**What to work on:**
How do the lines read from the one holding "الْآلَةِ وَاسْتَدَلَّ الْإِمَامُ" through the last line of the listing? Set them down exactly, pictures omitted.

**Given records:**
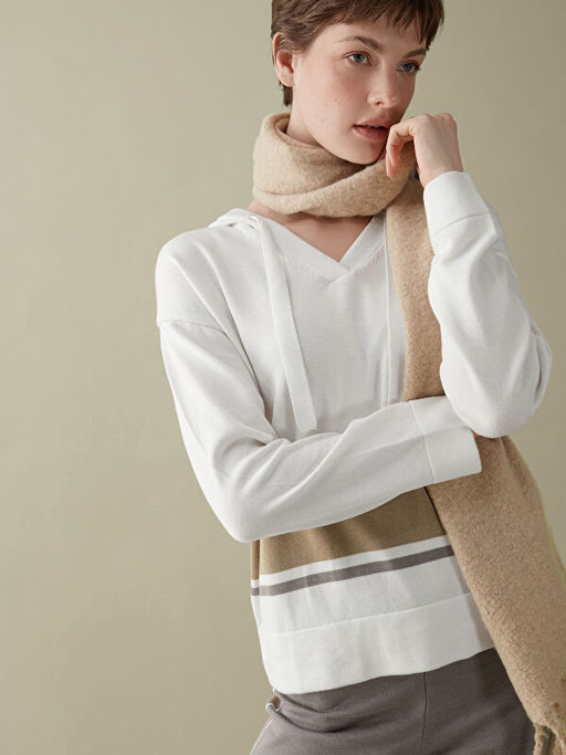 • Kap??onlu Renk Bloklu Oversize Kad?n Triko Kazak
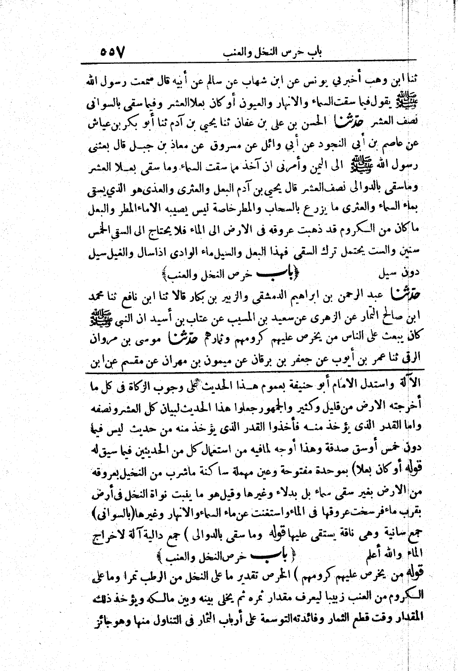 الْآلَةِ وَاسْتَدَلَّ الْإِمَامُ أَبُو حَنِيفَةَ بِعُمُومِ هَذَا الْحَدِيثِ عَلَى وُجُوبِ الزَّكَاةِ فِي كُلِّ مَا أَخْرَجَتْهُ الْأَرْضُ مِنْ قَلِيلٍ وَكَثِيرٍ وَالْجُمْهُورُ جَعَلُوا هَذَا الْحَدِيثَ لِبَيَانِ كُلِّ الْعُشْرِ وَنِصْفِهِ وَأَمَّا الْقَدْرُ الَّذِي يُؤْخَذُ مِنْهُ فَأَخَذُوا الْقَدْرَ الَّذِي يُؤْخَذُ مِنْهُ مِنْ حَدِيثِ «لَيْسَ فِيمَا دُونَ خَمْسِ أَوْسُقٍ صَدَقَةٌ» وَهَذَا أَوْجَهُ لِمَا فِيهِ مِنَ اسْتِعْمَالِ كُلٍّ مِنَ الْحَدِيثَيْنِ فِيمَا سِيقَ لَهُ.
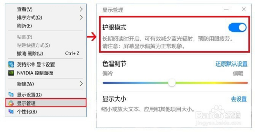 那么要如何开启护眼模式呢?很是简单,鼠标右键点击电脑桌面空白处,在弹出选项卡中选择“显示办理”,点击开启“护眼模式”。如下图所示:
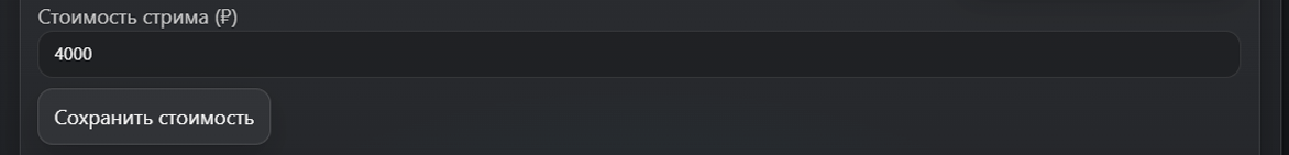 - В админке найди поле “Стоимость стрима (₽)”.
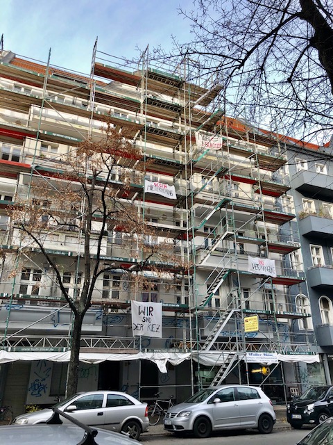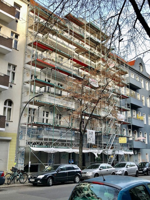 Es geht um ein Gerüst, das nun seit einem Jahr das Haus verstellt, dieser Jahrestag soll nun „gefeiert“ werden. Es geht um eine Fassade, die offenbar gezielt beschädigt wurde, damit sie anschließend saniert werden und damit diese Sanierung für Mieterhöhungszwecke verwendet werden kann. So stellt es die ausführliche Chronik dar, welche die Mieter*innen auf ihrem Blog erstellt haben.
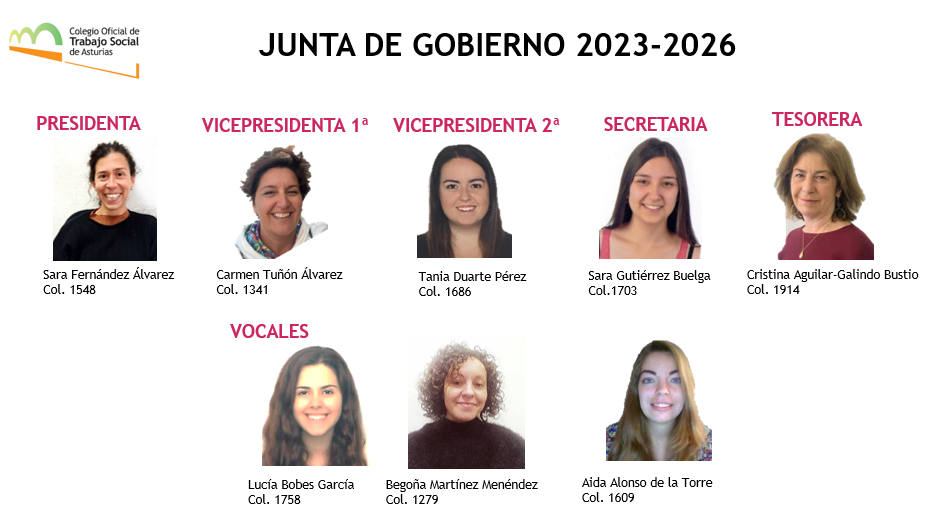 El 27 de abril de 2023, en Asamblea General Extraordinaria fue nombrada la nueva Junta de Gobierno 2023 - 2026 del Colegio Oficial de Trabajo Social de Asturias.
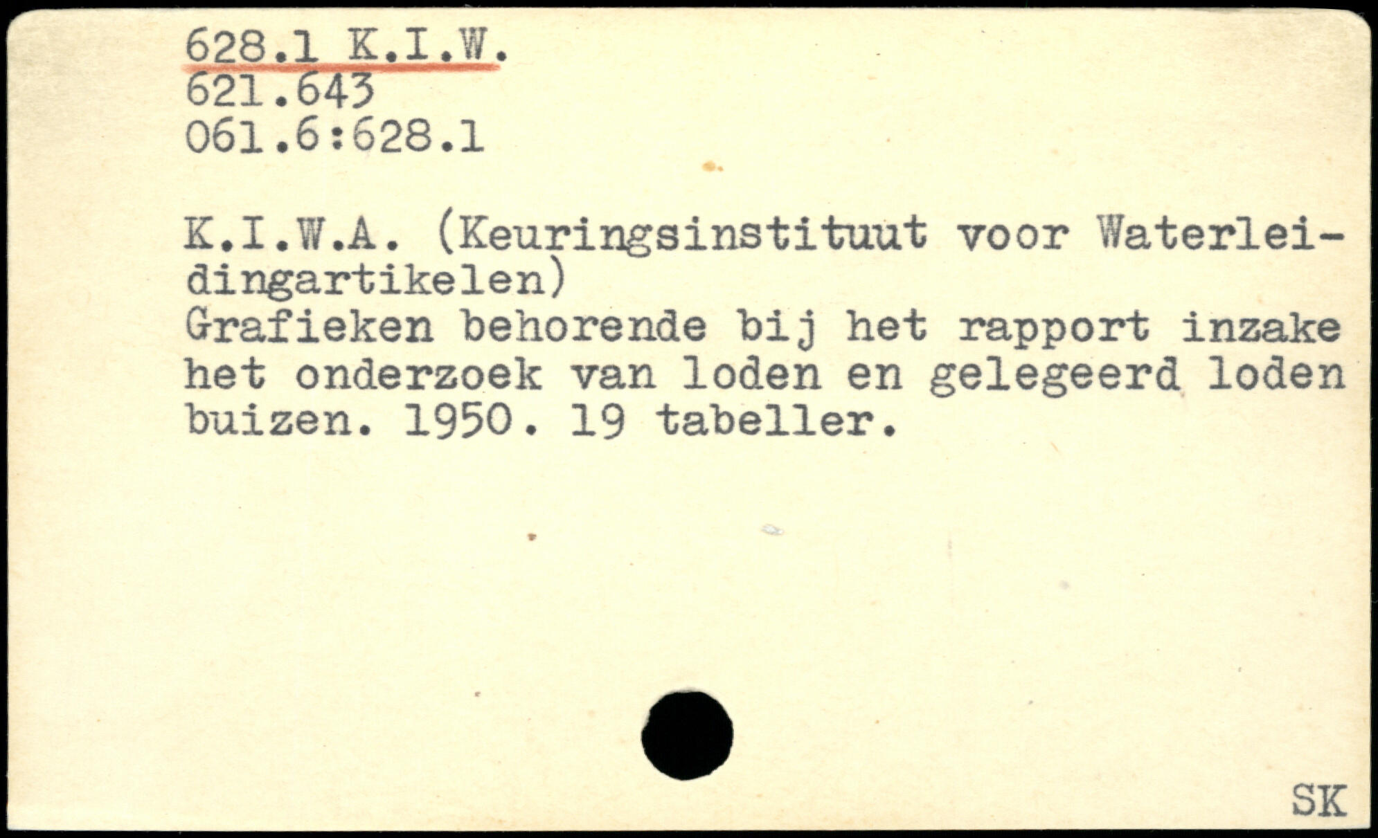 K.I.W.A. (Keuringsinstituut voor Waterlei-dingartikelen) Grafieken behorende bij het rapport inzake het onderzoek van loden en gelegeerd loden buizen. 1950. 19 tabeller.

**Response to the task:**
 الْآلَةِ وَاسْتَدَلَّ الْإِمَامُ أَبُو حَنِيفَةَ بِعُمُومِ هَذَا الْحَدِيثِ عَلَى وُجُوبِ الزَّكَاةِ فِي كُلِّ مَا أَخْرَجَتْهُ الْأَرْضُ مِنْ قَلِيلٍ وَكَثِيرٍ وَالْجُمْهُورُ جَعَلُوا هَذَا الْحَدِيثَ لِبَيَانِ كُلِّ الْعُشْرِ وَنِصْفِهِ وَأَمَّا الْقَدْرُ الَّذِي يُؤْخَذُ مِنْهُ فَأَخَذُوا الْقَدْرَ الَّذِي يُؤْخَذُ مِنْهُ مِنْ حَدِيثِ «لَيْسَ فِيمَا دُونَ خَمْسِ أَوْسُقٍ صَدَقَةٌ» وَهَذَا أَوْجَهُ لِمَا فِيهِ مِنَ اسْتِعْمَالِ كُلٍّ مِنَ الْحَدِيثَيْنِ فِيمَا سِيقَ لَهُ.
 那么要如何开启护眼模式呢?很是简单,鼠标右键点击电脑桌面空白处,在弹出选项卡中选择“显示办理”,点击开启“护眼模式”。如下图所示:
 - В админке найди поле “Стоимость стрима (₽)”.
 Es geht um ein Gerüst, das nun seit einem Jahr das Haus verstellt, dieser Jahrestag soll nun „gefeiert“ werden. Es geht um eine Fassade, die offenbar gezielt beschädigt wurde, damit sie anschließend saniert werden und damit diese Sanierung für Mieterhöhungszwecke verwendet werden kann. So stellt es die ausführliche Chronik dar, welche die Mieter*innen auf ihrem Blog erstellt haben.
 El 27 de abril de 2023, en Asamblea General Extraordinaria fue nombrada la nueva Junta de Gobierno 2023 - 2026 del Colegio Oficial de Trabajo Social de Asturias.
 K.I.W.A. (Keuringsinstituut voor Waterlei-dingartikelen) Grafieken behorende bij het rapport inzake het onderzoek van loden en gelegeerd loden buizen. 1950. 19 tabeller.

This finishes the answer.